Here's an overview of the steps to create a custom neural voice in Speech Studio:

  1. Create a project to contain your data, voice models, tests, and endpoints. Each project is specific to a country/region and language. If you're going to create multiple voices, it's recommended that you create a project for each voice.
  2. Set up voice talent. Before you can train a neural voice, you must submit a recording of the voice talent's consent statement. The voice talent statement is a recording of the voice talent reading a statement that they consent to the usage of their speech data to train a custom voice model.
  3. Prepare training data in the right format. It's a good idea to capture the audio recordings in a professional quality recording studio to achieve a high signal-to-noise ratio. The quality of the voice model depends heavily on your training data.

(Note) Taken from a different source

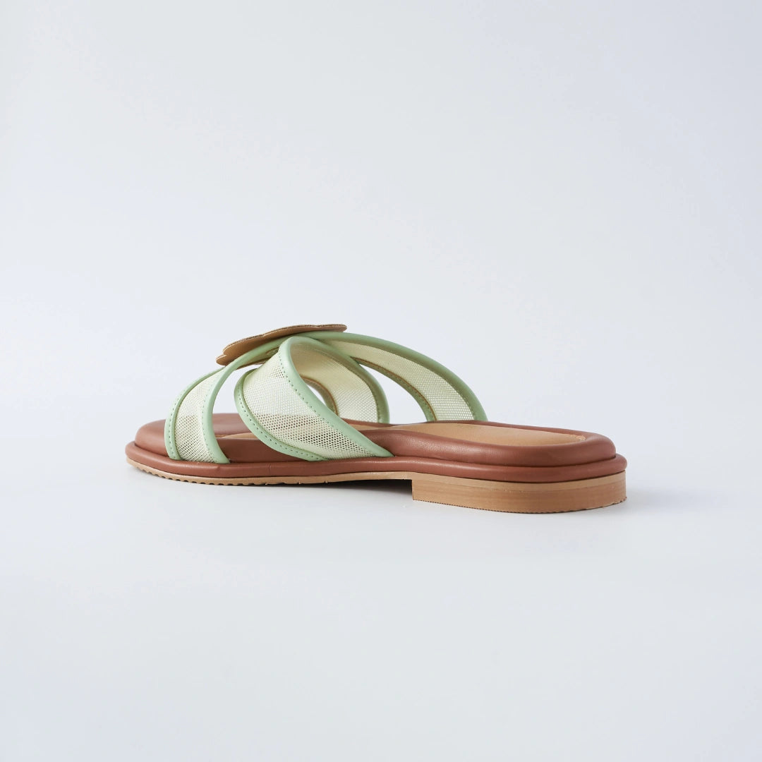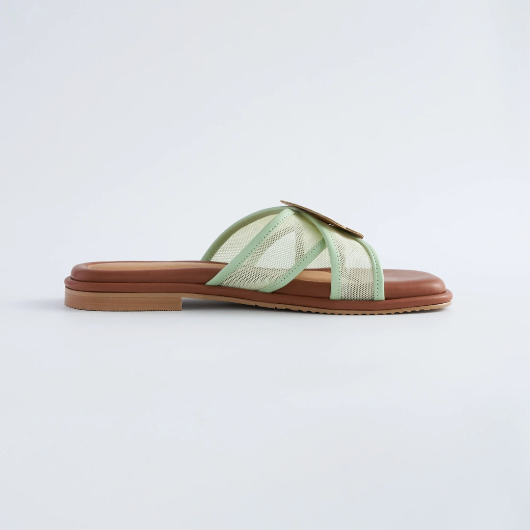 Featuring breathable mesh cross straps in a soft sage green, this pair pops beautifully against the warm brown sole—creating a soothing yet playful contrast. Whether you're pairing them with a minimalist outfit or adding a subtle statement to your day, these comfortable sandals for women deliver just the right blend of style, color, and relaxed elegance.

Consistent volume, speaking rate, pitch, and consistency in expressive mannerisms of speech are required.
  4. Train your voice model. Select at least 300 utterances to create a custom neural voice. A series of data quality checks are automatically performed when you upload them. To build high-quality voice models, you should fix any errors and submit again.
  5. Test your voice. Prepare test scripts for your voice model that cover the different use cases for your apps. It’s a good idea to use scripts within and outside the training dataset, so you can test the quality more broadly for different content.
  6. Deploy and use your voice model in your apps.

You can tune, adjust, and use your custom voice, similarly as you would use a prebuilt neural voice. Convert text into speech in real-time, or generate audio content offline with text input. You use the REST API, the Speech SDK, or the Speech Studio.

Tip

You can also use the Speech SDK and custom voice REST API to train a custom neural voice.

Check out the code samples in the Speech SDK repository on GitHub to see how to use custom neural voice in your application.

The style and the characteristics of the trained voice model depend on the style and the quality of the recordings from the voice talent used for training. However, you can make several adjustments by using SSML (Speech Synthesis Markup Language) when you make the API calls to your voice model to generate synthetic speech. SSML is the markup language used to communicate with the text to speech service to convert text into audio. The adjustments you can make include change of pitch, rate, intonation, and pronunciation correction. If the voice model is built with multiple styles, you can also use SSML to switch the styles.

Components sequence

Custom neural voice consists of three major components: the text analyzer, the neural acoustic model, and the neural vocoder. To generate natural synthetic speech from text, text is first input into the text analyzer, which provides output in the form of phoneme sequence. A phoneme is a basic unit of sound that distinguishes one word from another in a particular language. A sequence of phonemes defines the pronunciations of the words provided in the text.

Next, the phoneme sequence goes into the neural acoustic model to predict acoustic features that define speech signals. Acoustic features include the timbre, the speaking style, speed, intonations, and stress patterns. Finally, the neural vocoder converts the acoustic features into audible waves, so that synthetic speech is generated.

Flowchart that shows the components of custom neural voice.

Neural text to speech voice models are trained by using deep neural networks based on the recording samples of human voices. For more information, see this Microsoft blog post. To learn more about how a neural vocoder is trained, see this Microsoft blog post.

Migrate to custom neural voice

If you're using the old version of custom voice (which is scheduled to be retired in February 2024), see How to migrate to custom neural voice.

Responsible AI

An AI system includes not only the technology, but also the people who use it, the people who are affected by it, and the environment in which it's deployed. Read the transparency notes to learn about responsible AI use and deployment in your systems.